In the current study, daily unique sessions contained the following (Figure 3): a study phase (first helpings of food), a retention interval, and a test phase (second helpings of food). In the study phase (first helpings), the rats were given access to four out of eight locations. To initiate the study phase, rats were placed in the hub; orientation of the rats was pseudo random. Two of the four arms provided 1 chow pellet; the remaining two arms provided 3 chocolate pellets. Locations during the study phase did not replenish food on subsequent revisits. Controlled access to individual arms allowed the experimenter to place the rat in one of the designated chocolate arms (randomly selected); the rat was placed at the distal end of the arm near the food trough and facing the trough and dispenser. Therefore, in the study phase, each rat visited one chocolate location by running down the runway (self-generated food seeking) and the second chocolate location by being placed by the experimenter in the arm (experimenter-generated food seeking). The study phase ended when food was dispensed at all four accessible locations. The rat was removed from the maze and placed in the home cage for a retention interval of 5 minutes. The rat was returned to the central hub and all 8 arms opened to begin the test phase (second helpings). In the test phase, 1 chow pellet was provided at each of the four previously unvisited arms, and 3 chocolate pellets were provided at the self-generated chocolate location (replenishment). The other chocolate location did not replenish (nonreplenishment).
Source memory includes information about the context in which an episodic memory was formed. In our task, the rats need to remember what occurred (chow vs. chocolate flavored food), where it occurred (location on the maze), and the source of what-where information (self-generated exploration of the maze vs. experimenter placement). Accurate source memory performance is documented by a high revisit rate to the replenishing chocolate location and a low revisit rate to the nonreplenishing chocolate location. Our index of source memory is the replenishment rate minus the nonreplenishment rate; therefore, intact source memory is documented by a positive value, and the elimination of source memory is documented by zero.

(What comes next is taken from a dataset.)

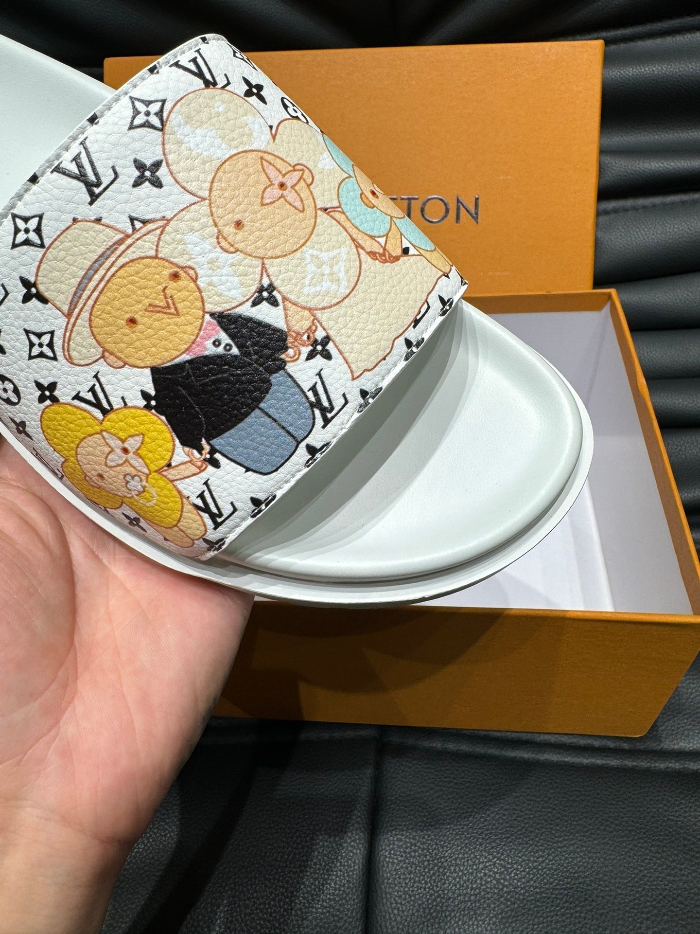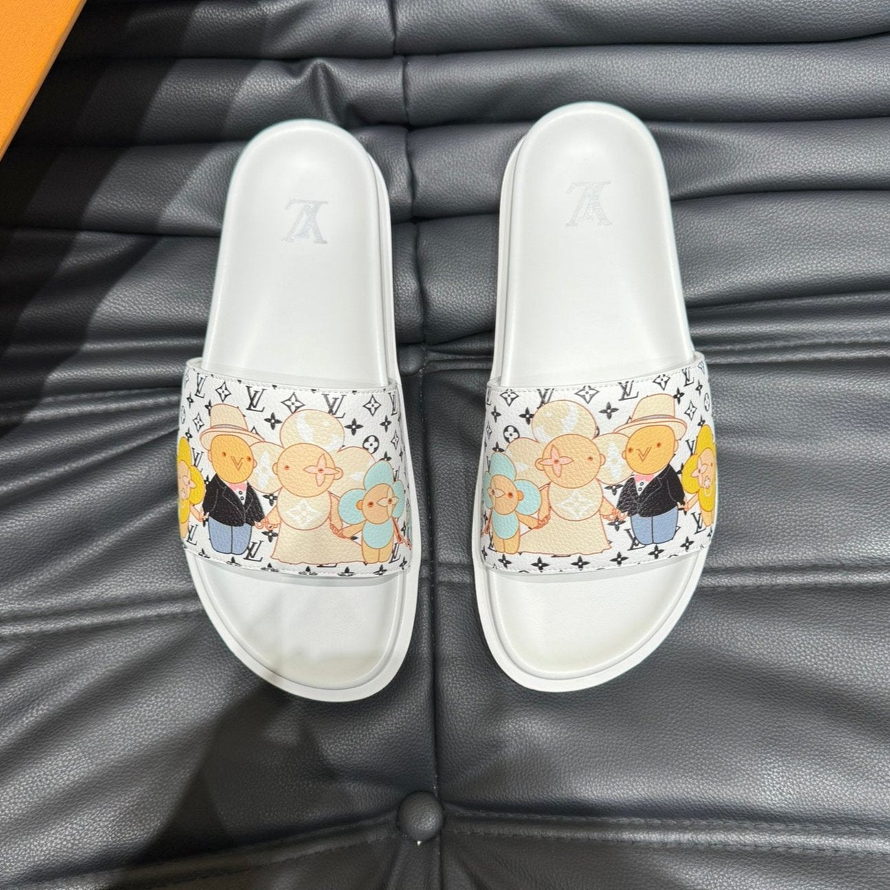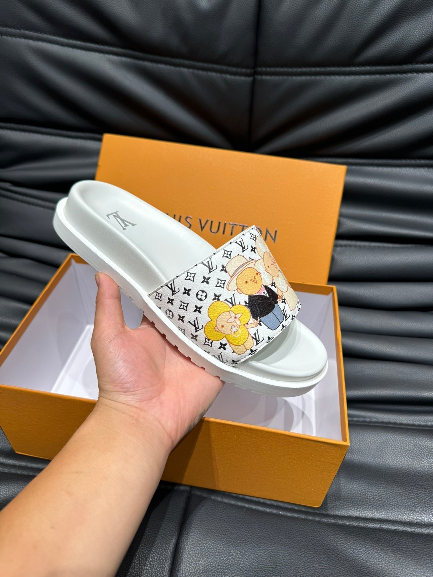 PANTOFOLE LV IN PELLE DI VITELLO MONOGRAMMA BIANCA

2.3.4. Drug preparation and administration for in vivo studies
MK-801 was dissolved in saline and administered intraperitoneally (i.p.) in a within subjects dosing paradigm in order of increasing dose (0.1, 0.2, and 0.3 mg/kg). IC87201 (1, 4 and 10 mg/kg) and ZL006 (10 mg/kg) were dissolved in a vehicle containing 3% DMSO with the remaining 97% comprised of 1:1:18 of emulphor (Alkamuls EL 620L; Solvay):ethanol (Sigma-Aldrich):0.9% NaCl (Aquilite System; Hospira, Inc, Lake Forest, IL). Active compounds were compared with equivalent volumes of the appropriate vehicle in each case. MK-801, IC87201, and ZL006 were administered 30 minutes prior to behavioral testing. All drugs were administered intraperitoneally (i.p.) in a volume of 1 ml/kg.
2.3.5. Experimental procedures
In Experiment 2, our objective was to determine whether the NMDAR antagonist MK-801 produced cognitive impairment in a source memory procedure, and compare the impact of this agent on both spatial and source memory performance. Both encoding and retrieval of memories occurred after drug administration. Behavioral testing was performed with an inter-trial interval of at least 48 hours within each dose condition. An inter-trial interval of one week separated testing of escalating doses. One additional rat was not included in the 0.2 mg/kg i.p. MK-801 condition due to motor impairment that prevented navigation on the maze. All rats showed motor impairment at 0.3 mg/kg i.p. MK-801, which precluded behavioral testing.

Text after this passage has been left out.